HIV in Visual Culture: Looking to interdisciplinary approaches and global histories
Convenors:
- Jackson Davidow, Massachusetts Institute of Technology, davidow@mit.edu
- Neil Macdonald, The University of Manchester, n.macdonald@zoho.eu
The past ten years have witnessed a renewed interest in histories of HIV/AIDS in the art world and academy, as seen in several films, exhibitions, books, and countless citations in contemporary practices and discourses of art and activism. Existing studies of HIV in visual culture, however, overwhelmingly focus on queer art and cultural production that originated in New York City in the late 1980s. But from its emergence in the early 1980s, the health crisis was at once local and global. The pandemic gave rise to a robust transnational network of artists and activists who developed trenchant aesthetic strategies in order to push for AIDS research, treatment, and legislation, to fight social stigma, and to cope with pervasive loss.

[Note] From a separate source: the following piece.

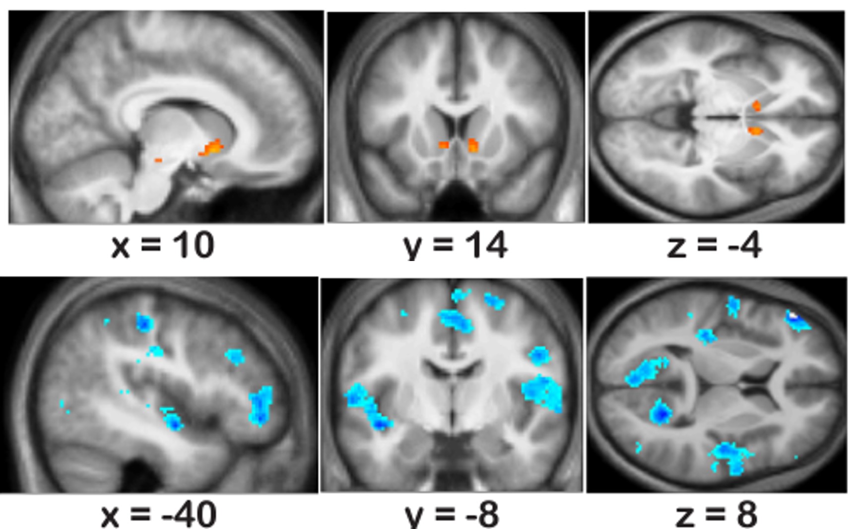 We fitted a general linear model (GLM) consisting five regressors (gamble, no gamble, win, loss, guaranteed outcome) to the BOLD signal and contrast the win and loss feedback images with the guarantee outcome image. Specifically, we are interested in how individual reacted to the gambling outcome, and how it related to people’s loss aversion.

This panel seeks to address and examine such histories in a different light. At a moment when art’s histories are increasingly articulated in comparative, transnational and global terms, we invite art historians and those working in other disciplines to expand on, critique, and nuance histories and theories of HIV/AIDS in the visual field. The virus affects boundaries, communities and identities on local, global, bodily and disciplinary levels, how do these interact?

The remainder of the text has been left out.